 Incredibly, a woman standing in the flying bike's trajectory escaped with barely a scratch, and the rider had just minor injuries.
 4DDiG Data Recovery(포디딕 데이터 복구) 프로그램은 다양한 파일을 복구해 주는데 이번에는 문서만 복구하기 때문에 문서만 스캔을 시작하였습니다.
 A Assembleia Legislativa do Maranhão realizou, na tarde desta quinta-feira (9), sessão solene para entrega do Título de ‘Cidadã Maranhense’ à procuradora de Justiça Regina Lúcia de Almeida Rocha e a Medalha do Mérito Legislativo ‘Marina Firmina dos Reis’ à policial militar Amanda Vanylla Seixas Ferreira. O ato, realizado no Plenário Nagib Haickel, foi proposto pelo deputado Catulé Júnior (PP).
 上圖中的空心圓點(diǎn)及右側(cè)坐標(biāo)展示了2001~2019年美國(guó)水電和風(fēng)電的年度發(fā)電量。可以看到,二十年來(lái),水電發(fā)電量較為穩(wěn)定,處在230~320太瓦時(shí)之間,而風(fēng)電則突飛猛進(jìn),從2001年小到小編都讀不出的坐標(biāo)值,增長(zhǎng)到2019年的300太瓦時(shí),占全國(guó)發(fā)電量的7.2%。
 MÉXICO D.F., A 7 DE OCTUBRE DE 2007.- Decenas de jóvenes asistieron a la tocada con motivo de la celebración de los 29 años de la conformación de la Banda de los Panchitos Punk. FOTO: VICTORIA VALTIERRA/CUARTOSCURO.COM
★ ★ ★
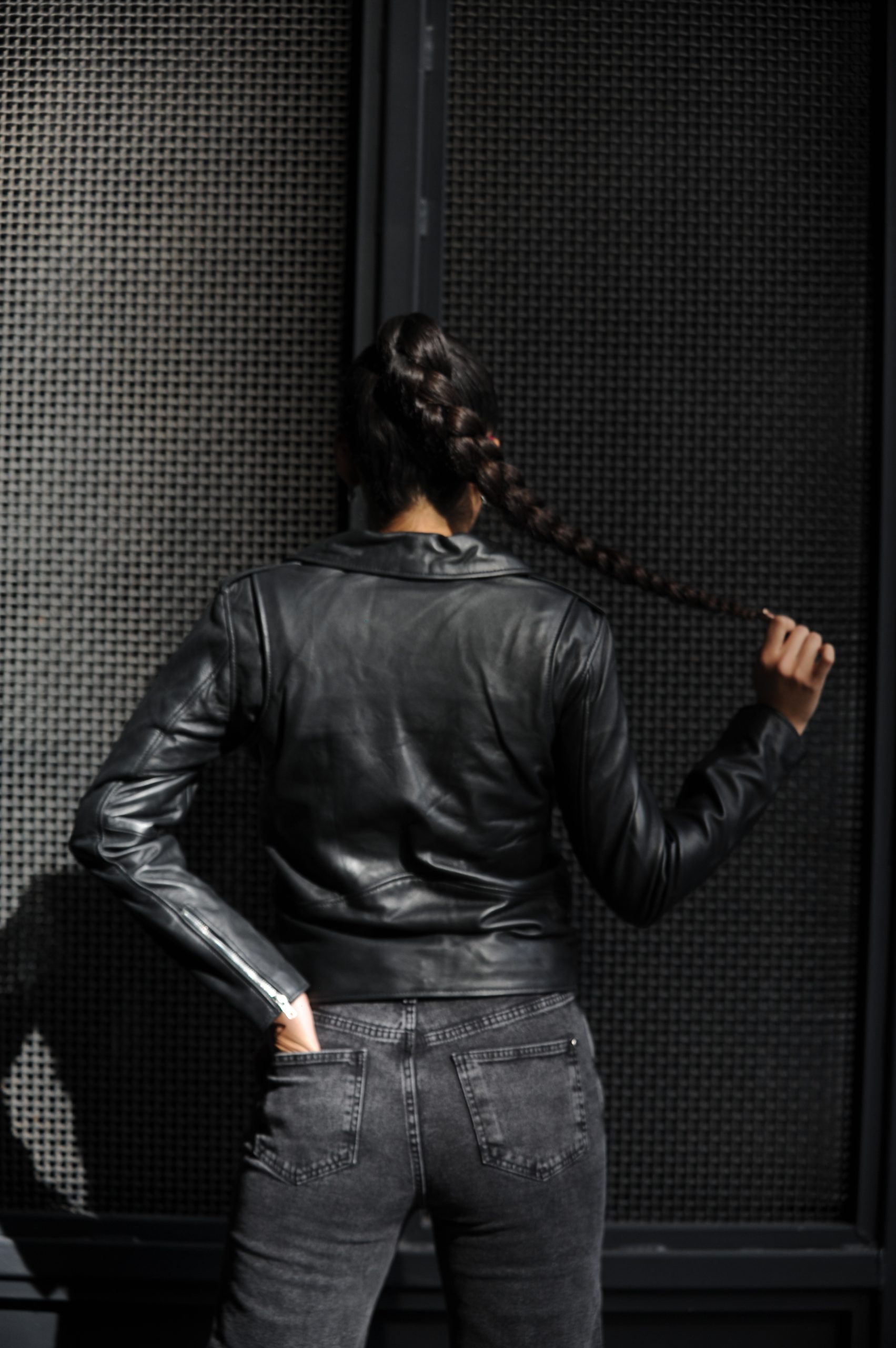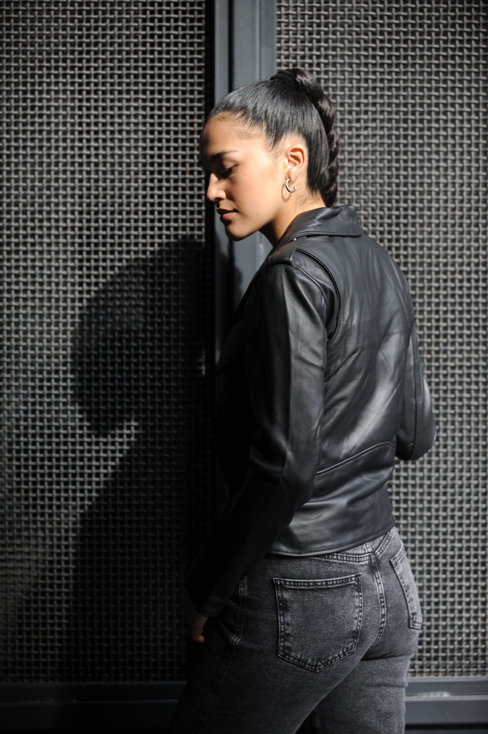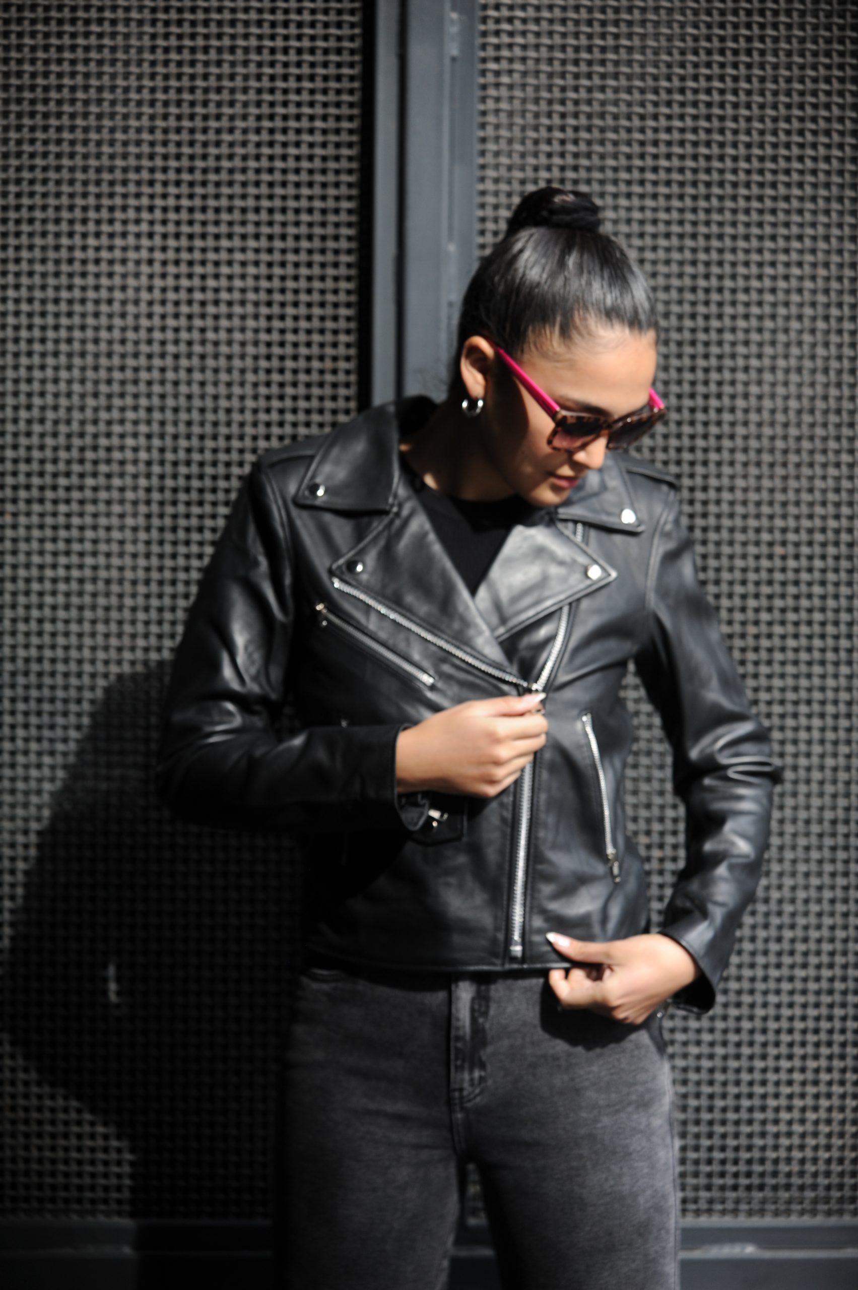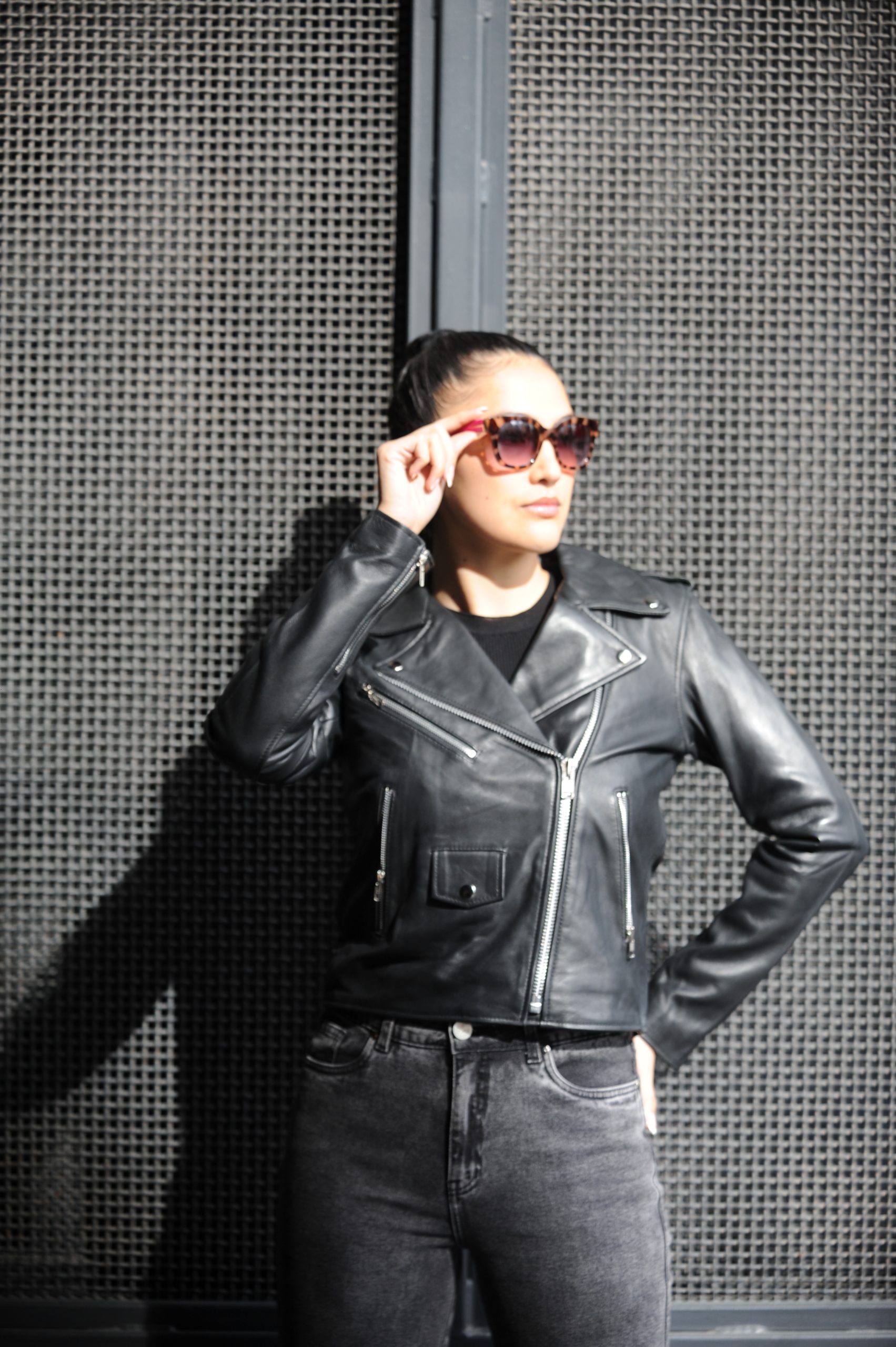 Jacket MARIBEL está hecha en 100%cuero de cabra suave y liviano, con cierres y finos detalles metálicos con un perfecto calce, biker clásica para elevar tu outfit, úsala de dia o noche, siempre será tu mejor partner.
★ ★ ★
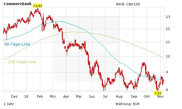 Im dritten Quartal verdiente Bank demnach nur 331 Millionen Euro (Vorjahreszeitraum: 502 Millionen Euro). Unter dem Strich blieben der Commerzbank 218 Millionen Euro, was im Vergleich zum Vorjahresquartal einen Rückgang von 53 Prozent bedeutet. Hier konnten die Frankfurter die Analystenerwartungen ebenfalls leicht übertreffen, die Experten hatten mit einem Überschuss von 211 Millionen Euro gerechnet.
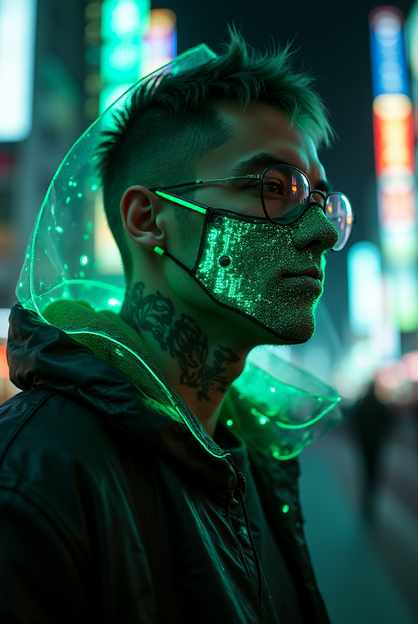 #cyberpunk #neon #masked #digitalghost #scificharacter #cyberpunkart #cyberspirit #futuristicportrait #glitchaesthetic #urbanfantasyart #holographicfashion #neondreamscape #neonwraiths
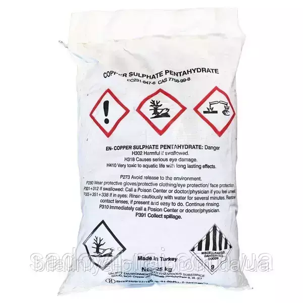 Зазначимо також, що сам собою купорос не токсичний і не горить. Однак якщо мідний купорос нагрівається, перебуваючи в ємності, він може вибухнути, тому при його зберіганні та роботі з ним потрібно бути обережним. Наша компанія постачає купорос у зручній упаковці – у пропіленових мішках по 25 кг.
★ ★ ★
## Activity
Within the listing above, print exactly the stretch beginning at the line that contains "#cyberpunk #neon #masked" and finishing at the line that contains "Зазначимо також, що", ends kept, pictures left out, and nothing more.

## Expected answer
 #cyberpunk #neon #masked #digitalghost #scificharacter #cyberpunkart #cyberspirit #futuristicportrait #glitchaesthetic #urbanfantasyart #holographicfashion #neondreamscape #neonwraiths
 Зазначимо також, що сам собою купорос не токсичний і не горить. Однак якщо мідний купорос нагрівається, перебуваючи в ємності, він може вибухнути, тому при його зберіганні та роботі з ним потрібно бути обережним. Наша компанія постачає купорос у зручній упаковці – у пропіленових мішках по 25 кг.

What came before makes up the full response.